Hi Jo, I do not have any tip for you regarding a Zwischenmiete, but have you thought about private accommodation via a portal like AirBnB? 

Check this:
https://www.airbnb.com/s/Munich--Germany?checkin=04/01/2014&checkout=06/30/2014&price_max=3005


----------



## beppi (Jun 10, 2013)

If you are willing to share a flat with strangers - and speak sufficient German:
WGs München : WG Zimmer Angebote in München


----------



## JoLeyne70 (Dec 22, 2013)

@Whatsnext. I did not think about Air bnb. I will check the website.
Thanks


----------



## JoLeyne70 (Dec 22, 2013)

@Beppi. As I m not in Munich yet, I thought that it would be better to look at the WG ads at a later stage. I know that WG people tend not reply to people who are not residing in Munich yet. I believe that I will need to be "interviewed" as well by WG member ( not looking forward to that part) Anyway thank you for the link
much appreciated.

:bounce:


----------



## beppi (Jun 10, 2013)

Correct, you need to be there to find any reasonably priced accommodation (other than short-term).


----------



## Whatsnext (Feb 24, 2014)

JoLeyne70 said:


> Hello
> 
> I'm in between interviews to secure a job in Munich.


One more thing after re-reading your post:

Have you considered asking your future employer for help on the accommodation front, after you were offered the position?
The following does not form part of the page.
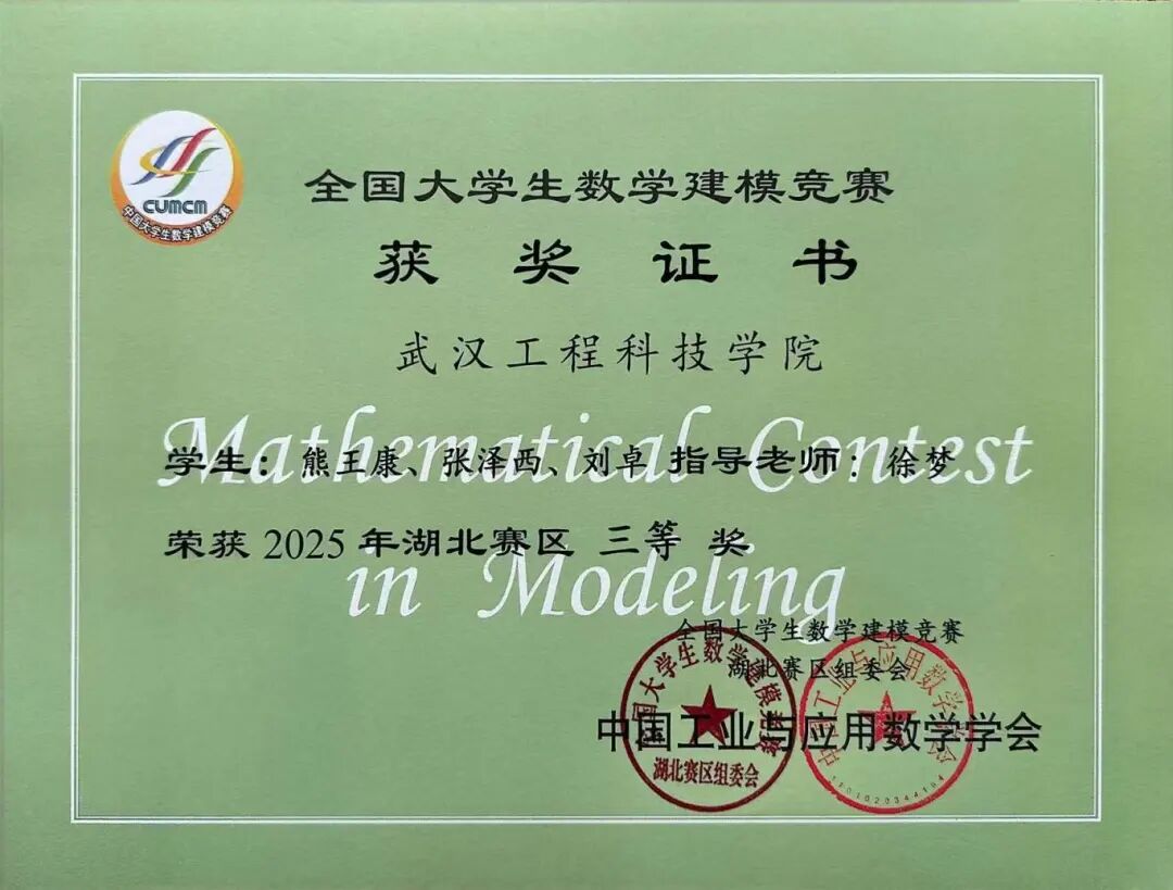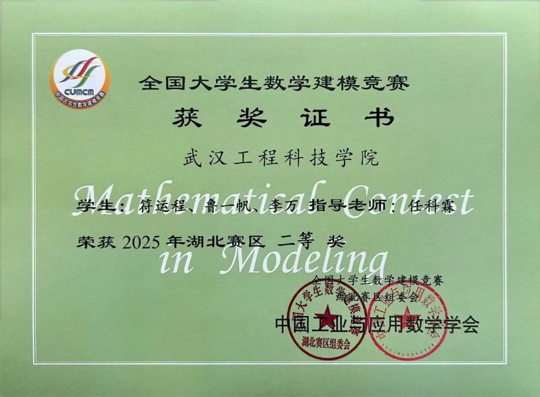 近日,2025年全国大学生数学建模竞赛落下帷幕,武汉工程科技学院的学子与众多公办高校同台竞赛,斩获全国大学生数学建模大赛湖北赛区二等奖1项,三等奖1项。
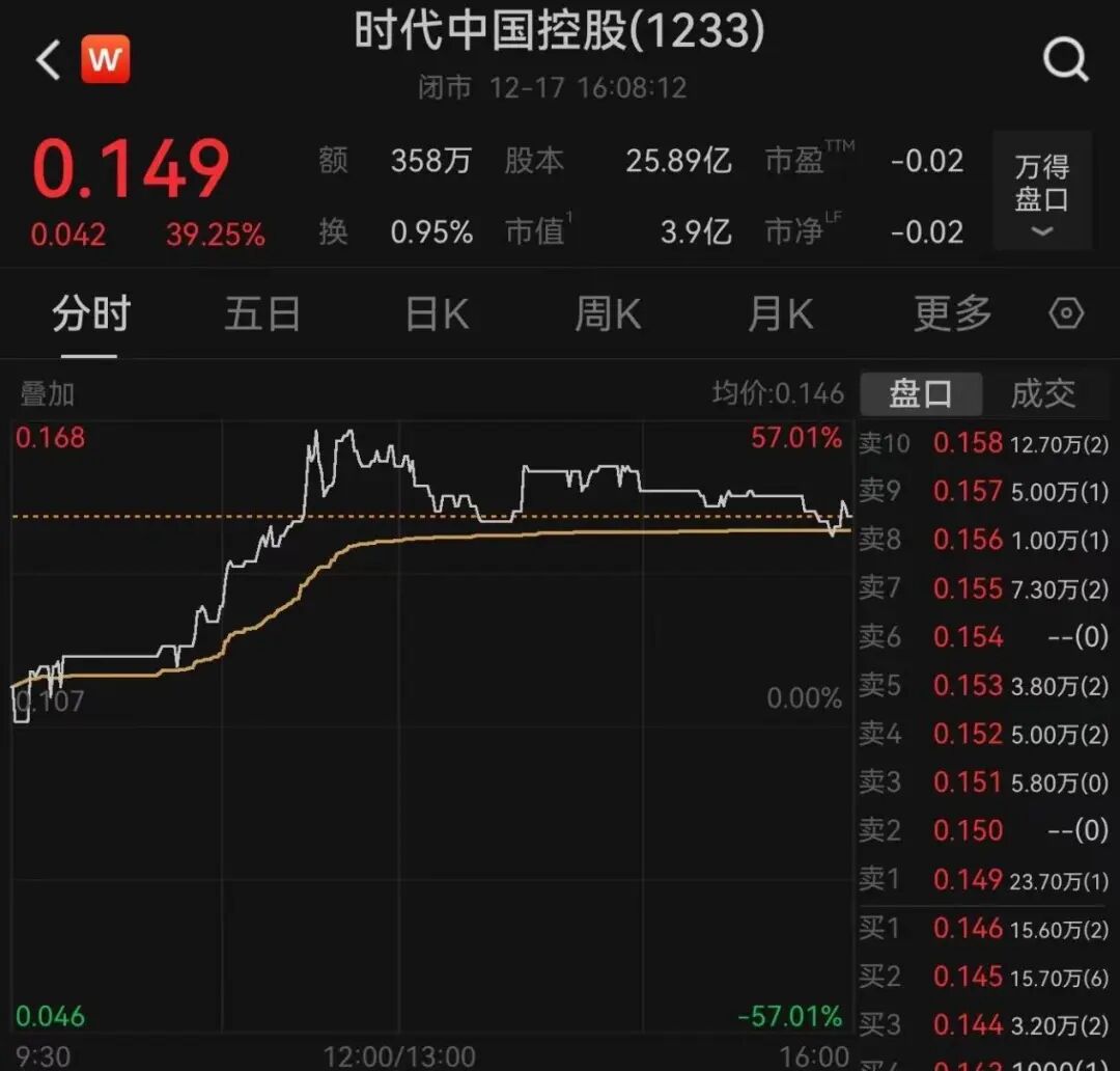 时代中国控股盘中一度飙升57%

This could be the best thing for you to throw into the ring when negotiating your package. I think coming from out of town, it should be normal to get at least the first few weeks free hotel accommodation or similar. I would push for 4 weeks free rent.

Another idea:

Google [zeitwohnagentur münchen] and find these specialized agencies who rent out private fully furnished apartments on a more flexible basis for an ongoing commission (usually not a one time fee but a percentage of your monthly rental).

We used such a service once in another city, for 6 months and the rent including the commission was actually not higher than similar properties in the same area. But they can be substantially more expensive, to the point of being double the monthly rent. So you have to do your research well.


----------